_Task statement_.
Print the data exactly. Pictures stay out.

--- START ---

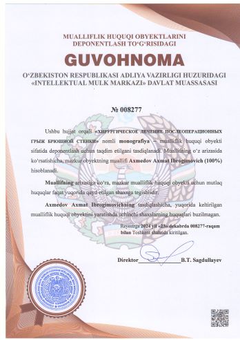 | 1830 | №008277 | Monografiya –"ХИРУРГИЧЕСКОЕ ЛЕЧЕНИЕ ПОСЛЕОПЕРАЦИОННЫХ ГРЫЖ БРЮШНОЙ СТЕНКИ" | Axmedov Axmat Ibrogimovich (100%) | Axmedov Axmat Ibrogimovich | 12/23/2024 | ![]() |
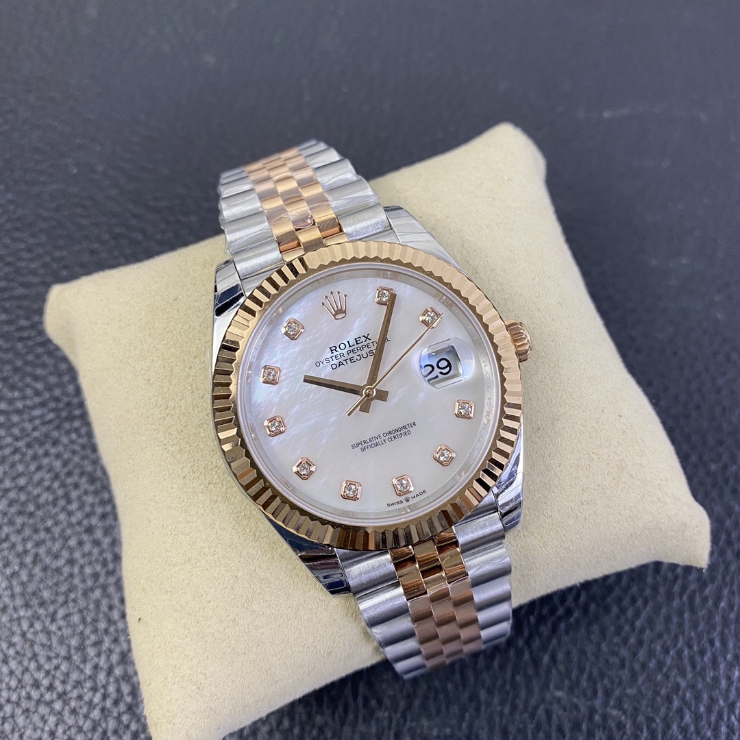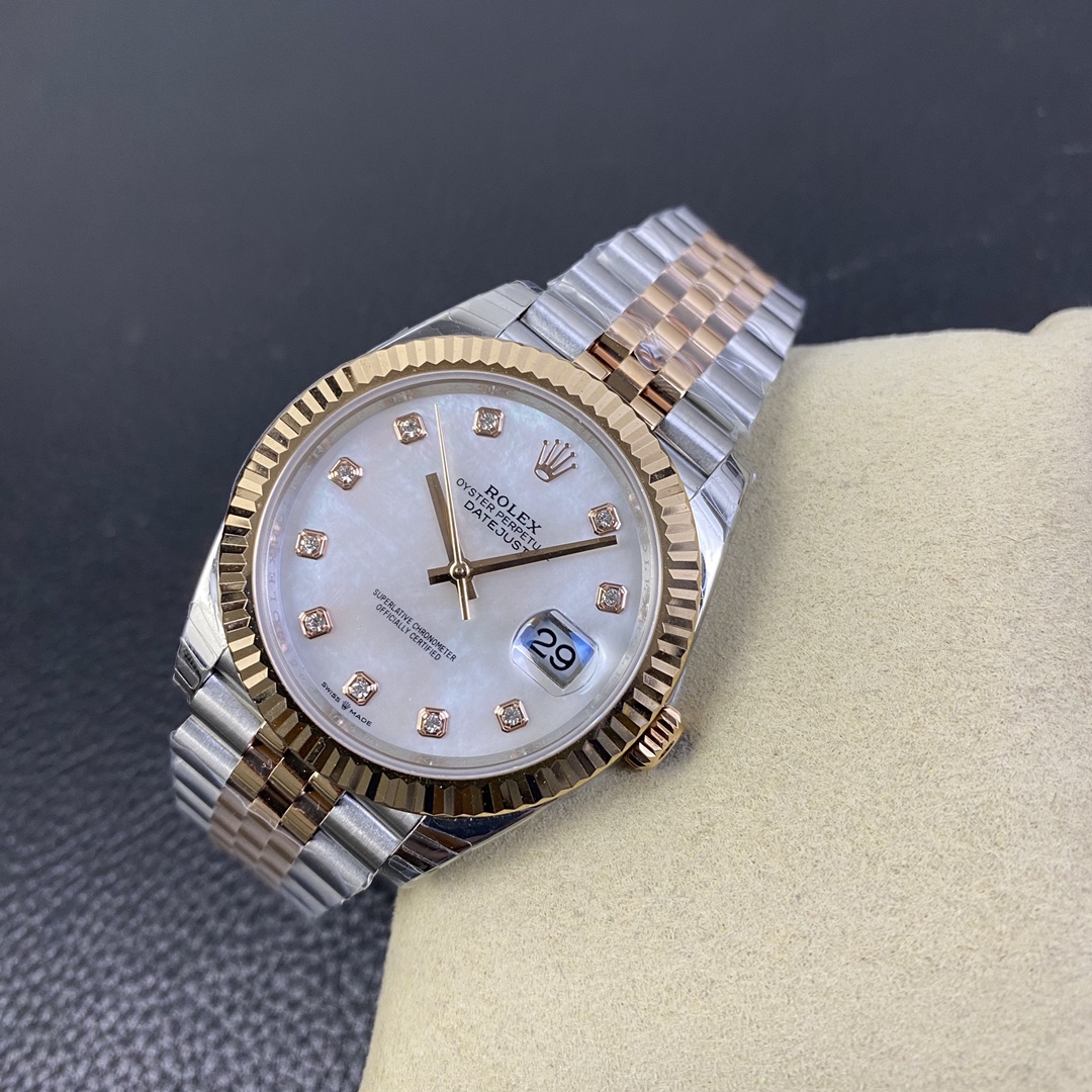 This Rolex Datejust series watch showcases a combination of classic 41mm size and minimalist design, exuding a sense of fashion and power. It is equipped with a 2836 automatic mechanical movement to ensure precise and reliable time display. The watch features hour, minute, second, and calendar functions to meet your daily timekeeping needs. With a 50-meter waterproof performance, it is suitable for everyday waterproof requirements. The scratch-resistant blue crystal glass protects the dial and provides a clear view. The folding clasp design makes it convenient to wear and adjust the length of the strap, enhancing wearing comfort. This Rolex Datejust series watch combines classic aesthetics with practicality, making it an ideal choice for fashion enthusiasts.
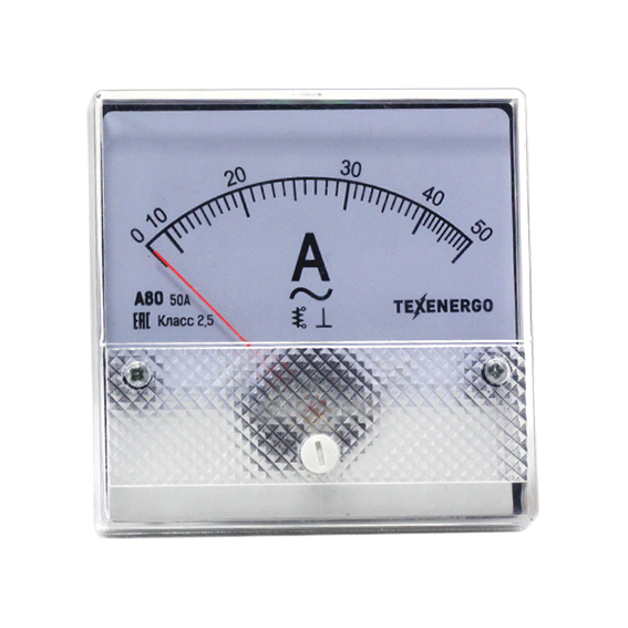 Амперметр типа А80 – электроизмерительный аналоговый прибор непосредственного отсчета для определения силы тока в электрических цепях. Прибор включается последовательно в цепь нагрузки или через измерительный трансформатор тока. Прибор предназначен для стационарной установки и является показывающим средством измерения. Каждый амперметр имеет обозначения, которые наносят на корпус, шкалу и у клемм. Амперметры являются приборами электромагнитной системы с подвижной частью на кернах и подпятниках. Принцип действия приборов электромагнитной системы основан на взаимодействии магнитного поля измеряемого тока (тока, проходящего через неподвижную катушку) с подвижным сердечником из ферромагнитного материала. Приборы имеют отсчетное устройство в виде равномерной или неравномерной квадрантной шкалы (движение стрелки по ходу часов с углом отклонения 90 градусов) с нулевой отметки на краю диапазона измерений и стрелочного указателя ножевого типа. Корректор нуля механический. Конструктивно приборы выполнены в диэлектрических пластиковых корпусах, защищающих измерительный механизм от повреждений и загрязнений. Корпус прибора изготовлен из самозатухающего пластика, обеспечивающего пожаро- и электробезопасность. Устанавливаются в круглый вырез щитка, изготовленных советскими штампами. А80 позиционируются как бюджетная серия амперметров, с более низким классом точности 2.5 и более низкую цену относительно приборов типа А72, А96, Э8030-М1. Обозначение измеряемой величины. Его указывают на шкале в виде единиц измерения, в которых градуирован прибор. Например, А (ампер). По наименованию единицы измеряемой величины дается наименование прибора. Класс точности указывается в виде числа, которое наносится на шкалу прибора - 2.5 Приборы для измерения переменного напряжения в цепях на шкале имеют обозначение: ∼. Приборы работают в диапазоне нормальных частот от 45Hz до 65Hz. Рабочее положение прибора: ┴ - вертикальное. Испытательное напряжение изоляции – 2кВ.
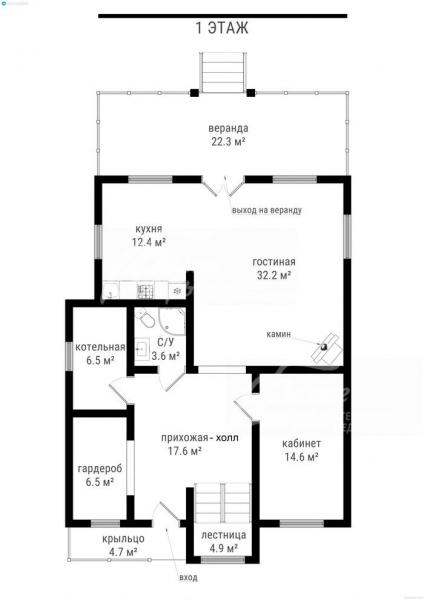1-ый этаж: крыльцо 5 кв.м, гардеробная 7 кв.м, прихожая 18 кв.м, лестница 5 кв.м, санузел 4 кв.м, кабинет 15 кв.м, кухня 12 кв.м, гостиная 32 кв.м, котельная 7 кв.м, веранда 22 кв.м.
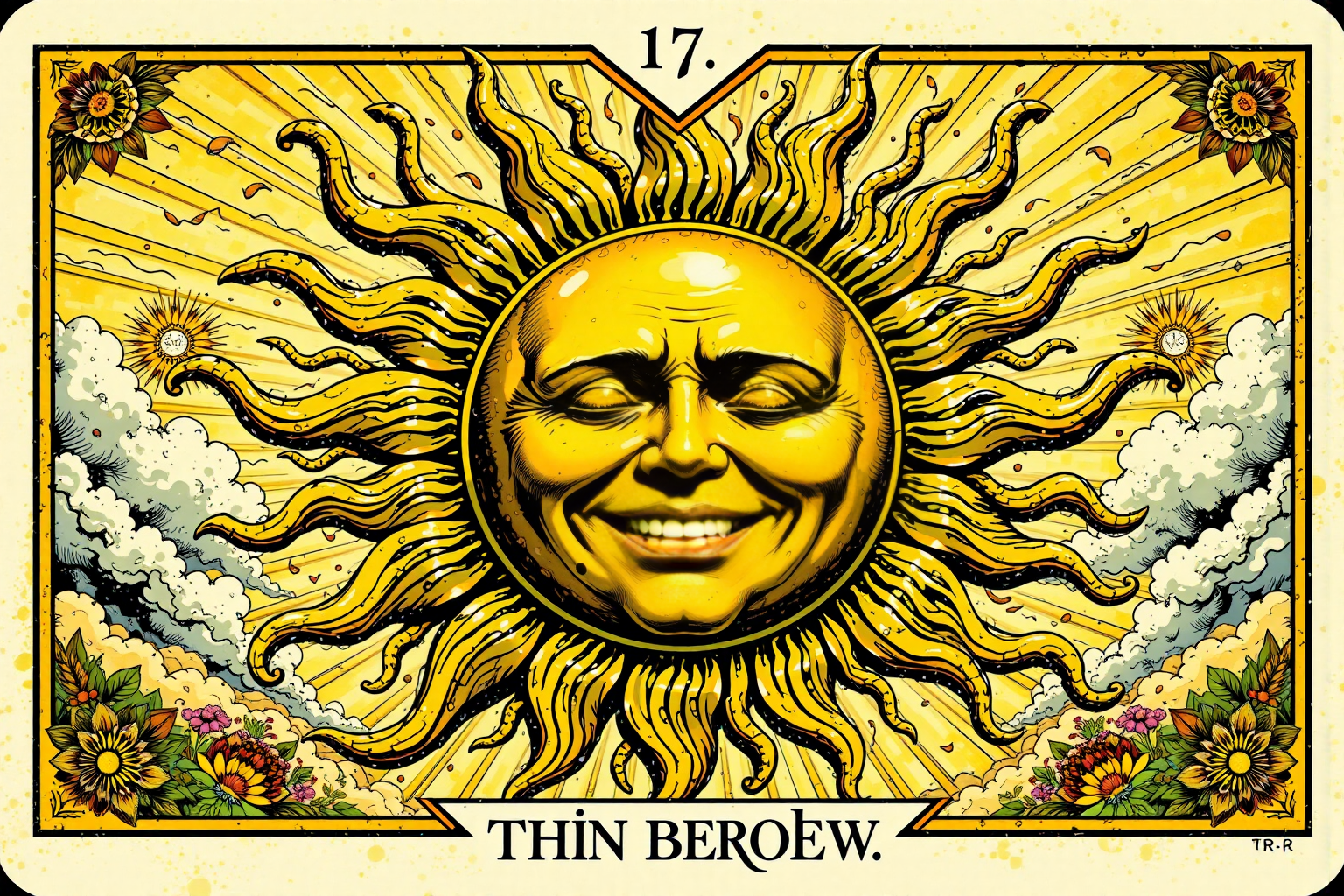 The Sun Tarot card, Adolph Gottlieb style, Sun, joy, happiness, positivity, success, fulfillment, achievement, good news, opportunities, positive energy, brightness, life, recognition, hard work, confidence, self-esteem, growth, personal goals, professional goals, enjoyment, bask, sunshine, spread joy HD, sharp focus, stunningly beautiful, Neo-Rococo, curved forms, naturalistic ornamentation, elaborate, decorative, gaudy, Neo-Rococo
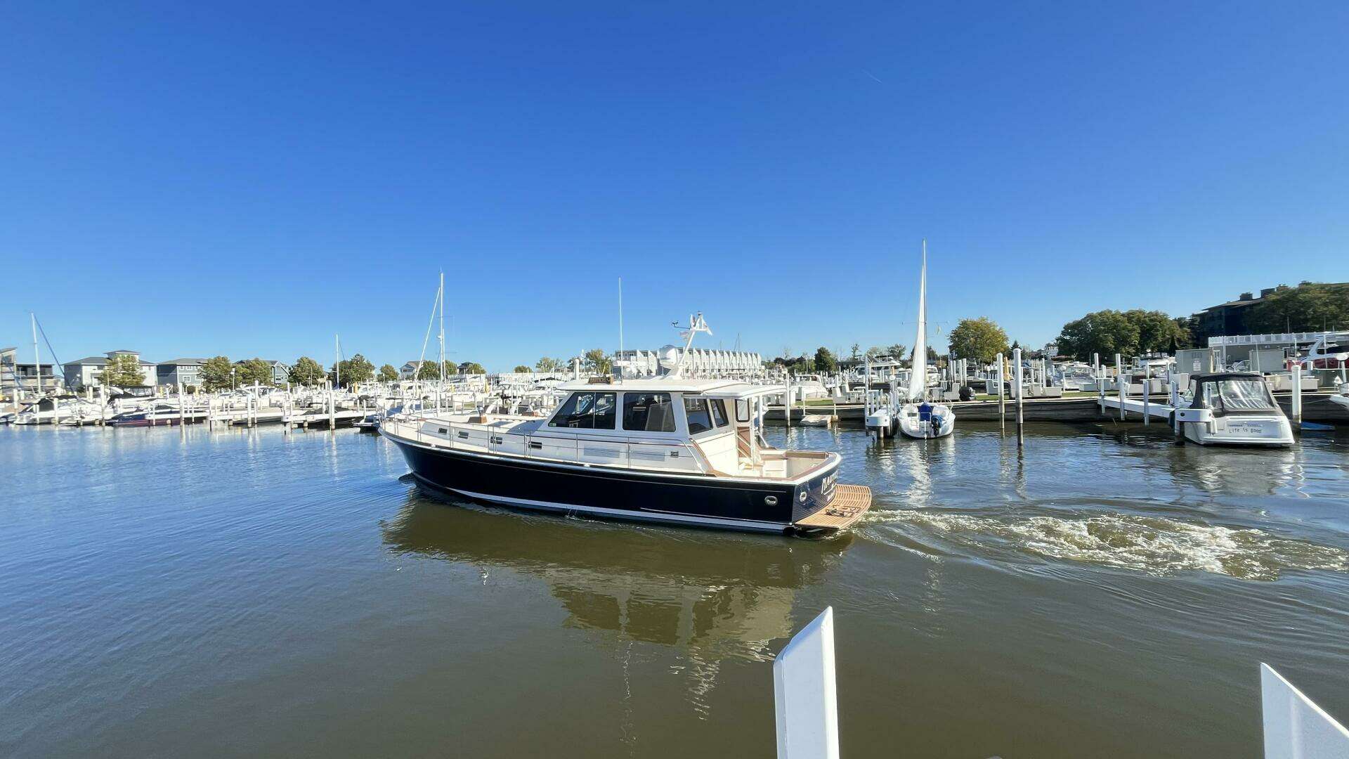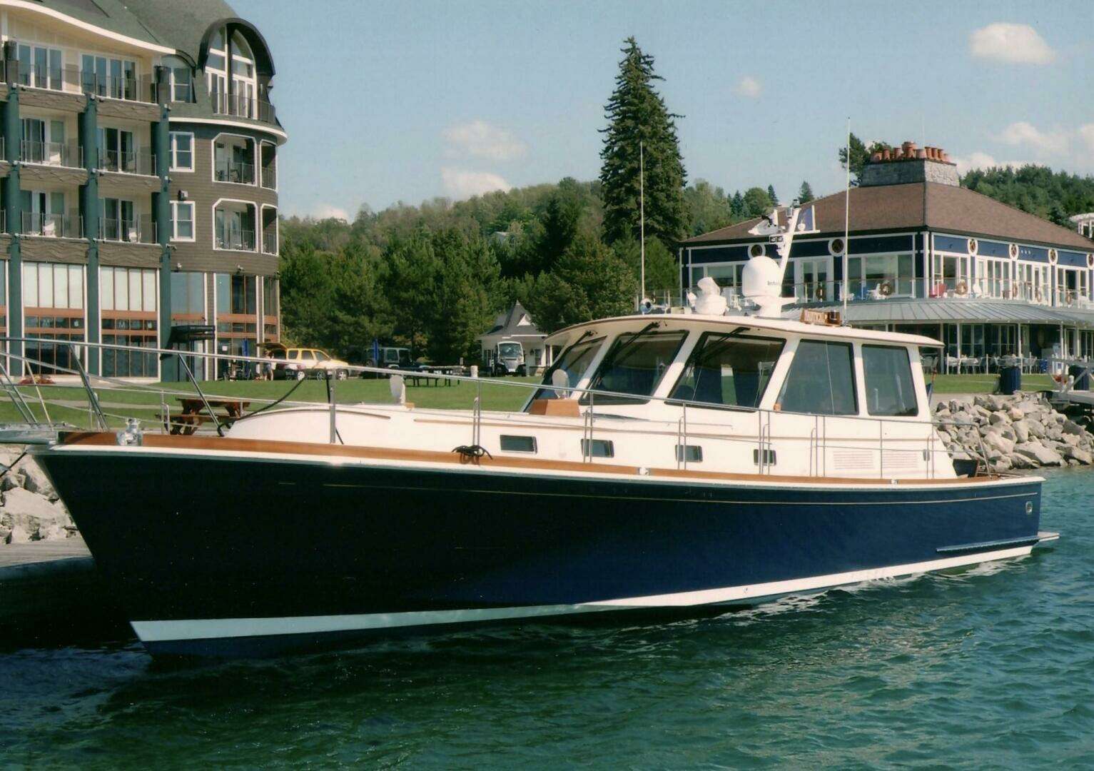 She is loaded with customs and options which include; 3 Stidd Helm chairs, custom painted Awlgrip Navy Hull, Twin Disc Single Lever Controls, Salon Blinds, Electric Salon table, Washer/Dryer, Full newer (2020) Garmin Electronic Package including SAT TV, custom teak wood accents and a CUSTOM $17,350 Engine Room Sound Insulation package.
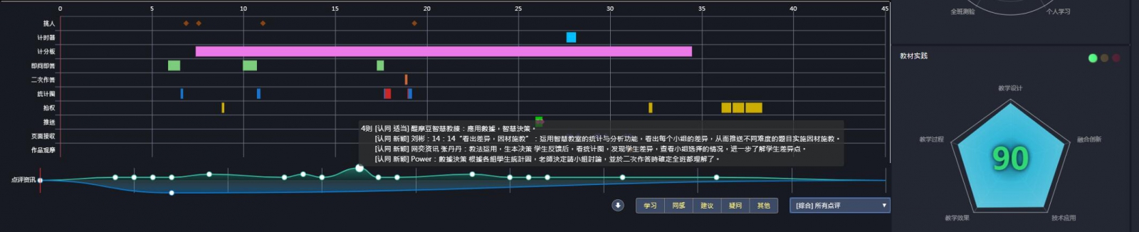 3.2.2. 點評 此外,蘇格拉底播放器不只是單純的影片與報告的結合,我們同時加入了點評功能(圖4黃框),專家、參與教研或議課的老師、以及授課老師本身都可以在這部影片加入點評注解。首先授課教師可在課后重看自己的上課錄像進行自我反思時寫下自評記錄或是說課注記,而受邀請的專家可對教學內(nèi)容給予專業(yè)的意見,幫助老師們精進教學;共同參與教研或議課的老師們也都可以寫下自己的點評意見,供自己以及授課教師參考。在點評界面中可以選擇不同角色(圖5選擇點評者):(1)觀看專家及其他共同參與教研或議課教師的點評內(nèi)容,或是(2)選擇本人以進行點評。當選擇觀看他人點評內(nèi)容時,可以在時間軸上有點評標簽的地方點一下,就會浮現(xiàn)點評內(nèi)容(圖5紅色箭頭),當角色切換到自己時,就可以透過圖5點評選項處進行標注,并寫下點評的意見。另外,盡管蘇格拉底系統(tǒng)透過自動化的方式來采集與分析數(shù)據(jù),但是機器的能力有限。目前并非所有的課堂行為都有辦法透過機器精確地分析。舉例來說,機器很難判斷這整堂課教學過程的演繹是否流暢、授課教材是否恰當;兩份同課同構的數(shù)據(jù)可能是一模一樣的,但是不同老師在演繹相同的教學模式上可能有很大的不同。這時還是需要有專家以人工的方式來給予評價,所以我們加入了「教材實踐」這個指數(shù)(圖最右邊小圖),當有專家觀看這堂課時,就可進行評分。

--- END ---

_Result for this task_.
 | 1830 | №008277 | Monografiya –"ХИРУРГИЧЕСКОЕ ЛЕЧЕНИЕ ПОСЛЕОПЕРАЦИОННЫХ ГРЫЖ БРЮШНОЙ СТЕНКИ" | Axmedov Axmat Ibrogimovich (100%) | Axmedov Axmat Ibrogimovich | 12/23/2024 | ![]() |
 This Rolex Datejust series watch showcases a combination of classic 41mm size and minimalist design, exuding a sense of fashion and power. It is equipped with a 2836 automatic mechanical movement to ensure precise and reliable time display. The watch features hour, minute, second, and calendar functions to meet your daily timekeeping needs. With a 50-meter waterproof performance, it is suitable for everyday waterproof requirements. The scratch-resistant blue crystal glass protects the dial and provides a clear view. The folding clasp design makes it convenient to wear and adjust the length of the strap, enhancing wearing comfort. This Rolex Datejust series watch combines classic aesthetics with practicality, making it an ideal choice for fashion enthusiasts.
 Амперметр типа А80 – электроизмерительный аналоговый прибор непосредственного отсчета для определения силы тока в электрических цепях. Прибор включается последовательно в цепь нагрузки или через измерительный трансформатор тока. Прибор предназначен для стационарной установки и является показывающим средством измерения. Каждый амперметр имеет обозначения, которые наносят на корпус, шкалу и у клемм. Амперметры являются приборами электромагнитной системы с подвижной частью на кернах и подпятниках. Принцип действия приборов электромагнитной системы основан на взаимодействии магнитного поля измеряемого тока (тока, проходящего через неподвижную катушку) с подвижным сердечником из ферромагнитного материала. Приборы имеют отсчетное устройство в виде равномерной или неравномерной квадрантной шкалы (движение стрелки по ходу часов с углом отклонения 90 градусов) с нулевой отметки на краю диапазона измерений и стрелочного указателя ножевого типа. Корректор нуля механический. Конструктивно приборы выполнены в диэлектрических пластиковых корпусах, защищающих измерительный механизм от повреждений и загрязнений. Корпус прибора изготовлен из самозатухающего пластика, обеспечивающего пожаро- и электробезопасность. Устанавливаются в круглый вырез щитка, изготовленных советскими штампами. А80 позиционируются как бюджетная серия амперметров, с более низким классом точности 2.5 и более низкую цену относительно приборов типа А72, А96, Э8030-М1. Обозначение измеряемой величины. Его указывают на шкале в виде единиц измерения, в которых градуирован прибор. Например, А (ампер). По наименованию единицы измеряемой величины дается наименование прибора. Класс точности указывается в виде числа, которое наносится на шкалу прибора - 2.5 Приборы для измерения переменного напряжения в цепях на шкале имеют обозначение: ∼. Приборы работают в диапазоне нормальных частот от 45Hz до 65Hz. Рабочее положение прибора: ┴ - вертикальное. Испытательное напряжение изоляции – 2кВ.
1-ый этаж: крыльцо 5 кв.м, гардеробная 7 кв.м, прихожая 18 кв.м, лестница 5 кв.м, санузел 4 кв.м, кабинет 15 кв.м, кухня 12 кв.м, гостиная 32 кв.м, котельная 7 кв.м, веранда 22 кв.м.
 The Sun Tarot card, Adolph Gottlieb style, Sun, joy, happiness, positivity, success, fulfillment, achievement, good news, opportunities, positive energy, brightness, life, recognition, hard work, confidence, self-esteem, growth, personal goals, professional goals, enjoyment, bask, sunshine, spread joy HD, sharp focus, stunningly beautiful, Neo-Rococo, curved forms, naturalistic ornamentation, elaborate, decorative, gaudy, Neo-Rococo
 She is loaded with customs and options which include; 3 Stidd Helm chairs, custom painted Awlgrip Navy Hull, Twin Disc Single Lever Controls, Salon Blinds, Electric Salon table, Washer/Dryer, Full newer (2020) Garmin Electronic Package including SAT TV, custom teak wood accents and a CUSTOM $17,350 Engine Room Sound Insulation package.
 3.2.2. 點評 此外,蘇格拉底播放器不只是單純的影片與報告的結合,我們同時加入了點評功能(圖4黃框),專家、參與教研或議課的老師、以及授課老師本身都可以在這部影片加入點評注解。首先授課教師可在課后重看自己的上課錄像進行自我反思時寫下自評記錄或是說課注記,而受邀請的專家可對教學內(nèi)容給予專業(yè)的意見,幫助老師們精進教學;共同參與教研或議課的老師們也都可以寫下自己的點評意見,供自己以及授課教師參考。在點評界面中可以選擇不同角色(圖5選擇點評者):(1)觀看專家及其他共同參與教研或議課教師的點評內(nèi)容,或是(2)選擇本人以進行點評。當選擇觀看他人點評內(nèi)容時,可以在時間軸上有點評標簽的地方點一下,就會浮現(xiàn)點評內(nèi)容(圖5紅色箭頭),當角色切換到自己時,就可以透過圖5點評選項處進行標注,并寫下點評的意見。另外,盡管蘇格拉底系統(tǒng)透過自動化的方式來采集與分析數(shù)據(jù),但是機器的能力有限。目前并非所有的課堂行為都有辦法透過機器精確地分析。舉例來說,機器很難判斷這整堂課教學過程的演繹是否流暢、授課教材是否恰當;兩份同課同構的數(shù)據(jù)可能是一模一樣的,但是不同老師在演繹相同的教學模式上可能有很大的不同。這時還是需要有專家以人工的方式來給予評價,所以我們加入了「教材實踐」這個指數(shù)(圖最右邊小圖),當有專家觀看這堂課時,就可進行評分。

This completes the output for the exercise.